Doesn’t Mo’Nique always look like she’s reading from the sick and shut in list when she speaks for an extended period?  “And we will lift Sister But-er-um in pray-er…”  I didn’t hear her Oscar acceptance speech, but I saw a flash on the news, and that’s how it was going in my mind. 

I’m so ornery lately.  I make an effort to not be overly negative, but when everything seems to work on your nerves, what’s a girl to do.  I’ll tell you what: You throw them hoes the side eye.  It’s not always beneficial for me to use my words to express what’s on my mind. I throw side eyes like ninja stars.

I believe in allowing the do-over. But even with that, there are two things you can’t take back: hurtful words, and prison-escapee farts in public bathrooms. 

I hate arbitrary Facebook groups, fandom, and stupid quizzes.  Even when I’m in a good mood, I hate to see them.  I mean, every once in a while, I guess it’s okay.  I won’t even police what “every once in a while is,” because we’re all grown folks.  You know what’s excessive.  I’m also calling a moratorium on that “Wifey/Sidepiece/Jumpoff” quiz.  Icant.org.

This morning, I walked out the door and accidentally locked it, whilst my son was still inside.  When he emerged, he shouted, “Why you gotta lock the black man up?”  He is now for sale.

Will Smith used to be my boo. Now he’s touching the Karate Kid.  Why is he touching the Karate Kid.  Remember when filmmakers used to have a new idea, then the would write a script based on said new idea, and people would watch the movie?  Yeah. That was cool.

Man, sometimes, shit gets rough, and you just gotta put some Tussin on it.  Pull out that Tussin and let it get all up in there. Tussin works best when you let it sink down to the bone, or so I’ve been told.

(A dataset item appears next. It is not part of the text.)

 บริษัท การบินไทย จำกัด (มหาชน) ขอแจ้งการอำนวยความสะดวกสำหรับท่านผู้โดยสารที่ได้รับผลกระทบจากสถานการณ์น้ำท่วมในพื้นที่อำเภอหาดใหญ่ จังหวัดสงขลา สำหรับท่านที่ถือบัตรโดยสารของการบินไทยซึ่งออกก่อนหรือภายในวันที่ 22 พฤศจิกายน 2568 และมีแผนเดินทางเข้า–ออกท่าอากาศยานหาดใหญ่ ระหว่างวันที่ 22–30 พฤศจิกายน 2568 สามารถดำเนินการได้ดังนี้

Evolution, Revolution, Schmevolution

Books are the most divine creation.  I’m happiest when I have my next 3-4 books plotted out.  Quite often, The Dialectic and I discuss the joy of reading, and every so often, the Z word creeps up.  In the past, I’ve been vocal about both not being a fan of her writing, and my dismay that she and her ilk have overrun the African-American Fiction section.  I maintain that not every work crafted by a black mind must be the great something or other, yet I also believe that until there is balance, I reserve the right to be a little more critical.

Occasionally, we discuss how often, these writers can often be part of the evolutionary process in developing bibliophiles.  I wasn’t born reading Baldwin, Shakespeare and Fitzgerald.  (I purchased my first Shakespeare when I was NINE, thank you very much…I read it when I was ten.)  I have read Zane, Eric Jerome Dickey and Terry McMillan.  At one point, I would sample a little of this, and a little of that, in terms of reading. Some heavy.  Some featherweight.

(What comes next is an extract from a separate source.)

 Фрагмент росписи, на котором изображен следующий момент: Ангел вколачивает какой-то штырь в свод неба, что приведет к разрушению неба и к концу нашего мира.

Then one day, I read a line from the most unlikely source:  Terry McMillan.  In A Day Late and A Dollar Short, main character and matriarch, Viola Price, lay in an emergency room bed dying of an asthma attack.  One of her last thoughts was how she loved her family so much, she would give them her last breath, and if she had another, she’d give them that one too.  I remembered how that made me feel.  In that moment, I wanted everything I read to convey that type of emotion.  Not that exact emotion, but to make me see a real, raw, uncontrived emotion on a page, and believe it.  When I read a book, I search for that, and if you don’t give me that, I don’t fuck with you.

What makes for a “good book” is extremely subjective.  When a person is pours their heart and soul on a page, you feel it.  It can happen in horror, romance, and yes, even erotica.  Baldwin can describe the erotic (and homoerotic) in ways that bend the soul and turn it inside out; as does Anne Rice (penned pseudonymously as A. N. Roquelare and Anne Rampling).

The prevailing thought now is, “don’t knock the hustle.”  To the extent that a person had an ideal, and saw it to fruition, I can’t get mad at that.  There is value in the fact that those writers can be springboards into much deeper works.  The thing is, do we languish there?  I even call myself to task on this, not so much langushing in so-so books (I almost typed “literature,” but my finger turned, looked at me, and gave me the hard side eye), but even reading the same “good” writers.  How does one locate the new crop of great writers, if you are stuck in the old faithfuls?

Growth and expansion is important.  I challenge any and all interested readers to find a new author or genre.  We can say it’s in honor of Daylight Savings Time.  Or is it Standard Time?  I can’t remember.  Or you can just say you’re arbitrarily trying something new.  I don’t think there’s anything wrong with that.

If you are so inclined, let me know of your results.  Can’t wait to hear from you guys.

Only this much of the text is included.